Siak, Riau – Praktik dugaan mafia Bahan Bakar Minyak (BBM) subsidi di wilayah Siak kembali menjadi sorotan. Seorang pria berinisial Taim, yang disebut-sebut sebagai oknum anggota TNI aktif berdinas di Siak, diduga menjalankan bisnis ilegal penjualan BBM jenis Pertalite dengan modus menggunakan mobil pick up yang dimodifikasi membawa baby tank berkapasitas sekitar 2 ton. Jum’at 12 Juni 2026.

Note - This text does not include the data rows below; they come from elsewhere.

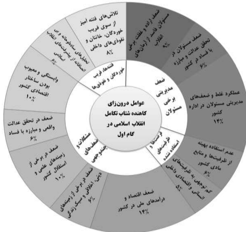
شکل ۲. شمای عوامل درون‌زای کاهنده شتاب تکامل انقلاب اسلامی در گام اول

در بحث تطبیق یافته‌های این مطالعه با تحقیقات پیشین، مؤلفه‌های حاصل از جدول ۵ این پژوهش، با نتایج پژوهش حیدری و حیدری (۱۳۹۹) در مسائل فساد، عدالت، ضعف مدیریت، کم‌کاری‌ها، اقتصاد و سبک زندگی تطابق دارد. از سوی دیگر با یافته‌های مطالعه جمال‌زاده و باباخانی (۱۳۹۶) پیرامون دنیاخواهی و راحت‌طلبی خواص و کم‌کاری آنان، جعفری و دبیری (۱۳۹۹) در حوزه چالش‌های اقتصادی و خطر فساد همخوانی دارد. همچنین با یافته‌های پژوهش محمدی (۱۳۹۹) پیرامون عوامل تضعیف‌کننده پیشرفت انقلاب اسلامی پیرامون ضعف در مدیریت به‌ویژه مدیریت جهادی و ضعف‌های علمی و اخلاقی همخوانی دارد. نتایج یافته‌های غفاری (۱۳۹۷) پیرامون پیشرفت اقتصادی با یافته‌های مطالعه حاضر مبتنی بر مشکلات اقتصادی و ظرفیت‌های استفاده نشده رابطه معکوس دارد. البته نتایج پژوهش حاضر
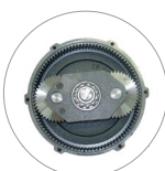
Réducteur à satellites et planétaire (M22)
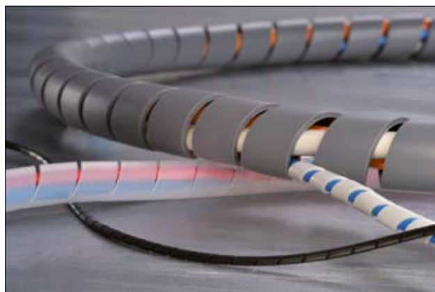
Wąż spiralny SBPE.

Modus operandi tersebut diduga digunakan untuk menampung BBM subsidi dari SPBU, lalu mendistribusikannya kepada pemilik Pertamini dan pengecer eceran di sejumlah titik. Praktik ini dinilai sebagai bentuk penyalahgunaan distribusi energi bersubsidi yang seharusnya diperuntukkan bagi masyarakat kecil.
Penggunaan kendaraan pick up dengan baby tank kapasitas besar mengindikasikan adanya dugaan aktivitas pengangkutan BBM tanpa izin resmi dan terstruktur. Jika benar, aktivitas ini bukan lagi sekadar pelangsiran biasa, tetapi sudah mengarah pada dugaan tindak pidana niaga ilegal BBM subsidi dalam skala besar.
Sejumlah aturan hukum yang berpotensi dilanggar di antaranya:
1. Pasal 55 UU Nomor 22 Tahun 2001 tentang Minyak dan Gas Bumi jo. UU Nomor 6 Tahun 2023
Penyalahgunaan pengangkutan dan niaga BBM subsidi dapat dipidana penjara paling lama 6 tahun dan denda maksimal Rp60 miliar.
2. Pasal 53 huruf b UU Migas
Setiap orang yang melakukan kegiatan niaga BBM tanpa izin usaha resmi terancam 3 tahun penjara dan denda hingga Rp30 miliar.
3. Undang-Undang Nomor 22 Tahun 2009 tentang Lalu Lintas dan Angkutan Jalan
Jika kendaraan pick up dimodifikasi tanpa izin atau tidak sesuai peruntukan angkut, dapat dikenakan sanksi pidana maupun administratif.
4. Jika melibatkan oknum TNI, maka dapat diproses melalui Tentara Nasional Indonesia dan Polisi Militer TNI AD atas dugaan pelanggaran disiplin, kode etik, hingga pidana militer.
Masyarakat mendesak Polda Riau, Kodam XIX Tuanku Tambusai dan Pertamina Patra Niaga untuk segera menindak tegas dugaan mafia BBM subsidi yang semakin terang-terangan beroperasi.